Question about shaders and L2 texture caches

I have a simple shader that wants to sum many textures together in a render pass. There is no kernel or random access occurring, the final output should just be the sum of each pixel at the same texture coordinate from all the textures. For this example say I’m trying to do this with 200 textures.
Previously with OpenGL due to the limited number of texture image units available, I’d split this up into groups of 16 or 32 textures in a pass and ping-pong the running total texture with the output textures to accumulate the result. With Vulkan and it’s large number of image descriptors we can bind, I decided to try to do this all in a single renderpass.
However this ended up being much slower than splitting it across multiple passes, which surprised me. I profiled using NSight, which showed me I was having much less L2 cache hits than the 32 textures/pass workflow.
When doing 32 textures per pass, I would assume that by the time the 32nd texture is sampled, data from the 1st texture would have been pushed out of the L2 cache anyways.

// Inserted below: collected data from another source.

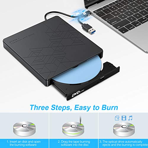 Specification: TedGem Externe DVD CD Drive, Brander Lezer, Type-C USB 3.0 Draagbare CD DVD Drive, Hoge Snelheid Gegevensoverdracht…
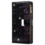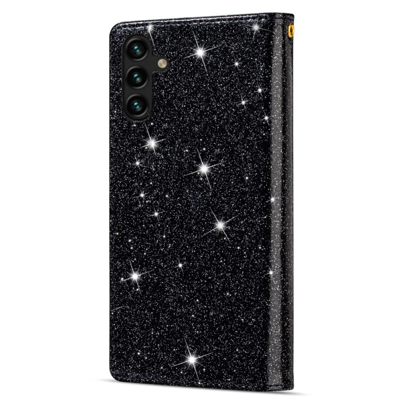 Stijlvol portemonnee hoesje voor Samsung Galaxy A57 5G met lasergegraveerd sterrenhemelontwerp en glitters. Voorzien van kaartsleuven, ritsvak en praktische handriem voor veilig dragen.
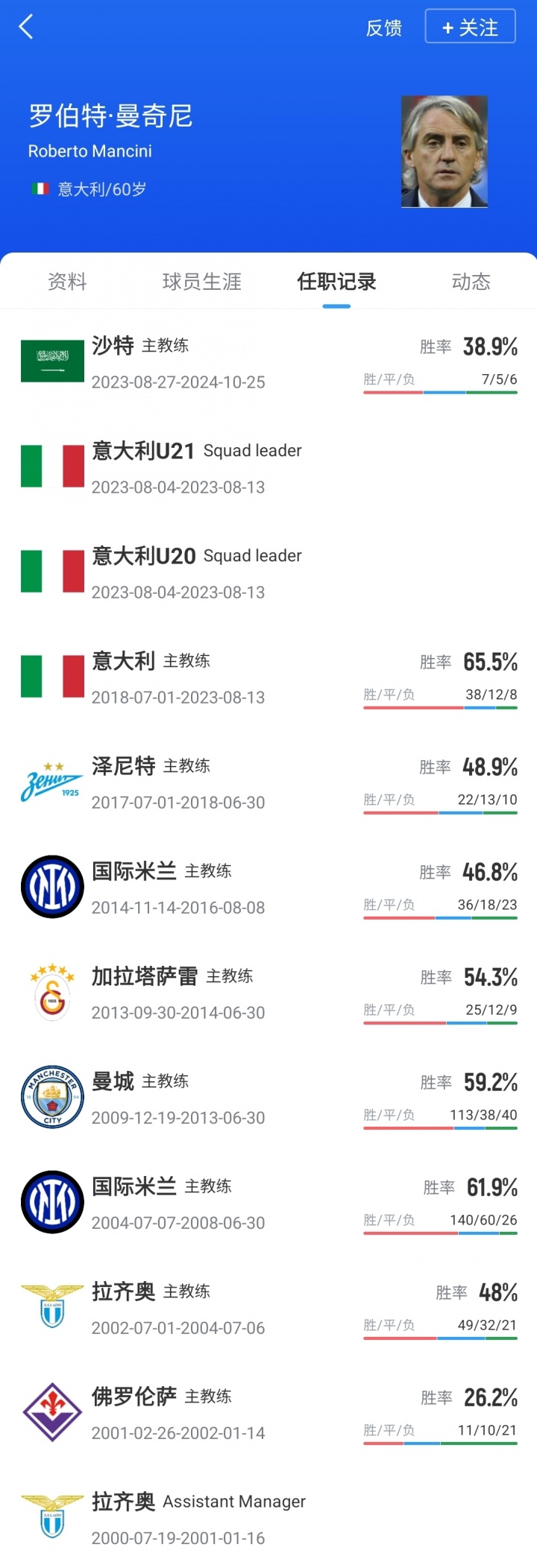 2023年8月,曼奇尼因与意大利足协矛盾突然宣布辞职,随后他接受了沙特国家队的邀约,签约至2027年,年薪2500万欧。
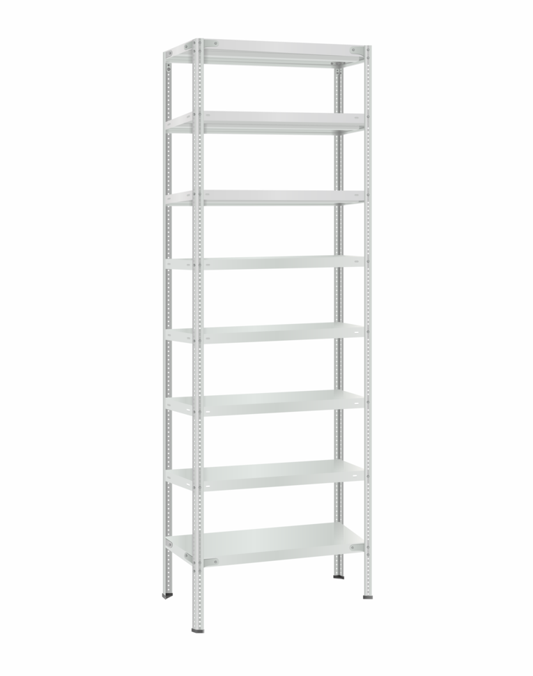 Полки МС Титан изготовлены из высокопрочной стали, покрыта полимерным порошковым покрытием светло серого цвета RAL 7035 типа шагрень

However that doesn’t seem to be the case. Does anyone have any insight into what is happening here? Is it that threads are going to sleep after sampling some of the texture (waiting for the data to arrive), causing new ones to wake up and start new texture fetches, which ends up thrashing memory when I’m trying to do 200 textures in a single pass?
Any way I could make this fast in a single pass, even in a compute shader?

Hi @MalcolmB,

sadly I am unable to answer your question here. I am just wondering if there might be a better category than GPU Hardware for this topic. Maybe Vulkan since you mentioned this happens after switching there from OpenGL?

And in case you are not aware, there is also a general NVIDIA developer Discord where someone might be able to comment.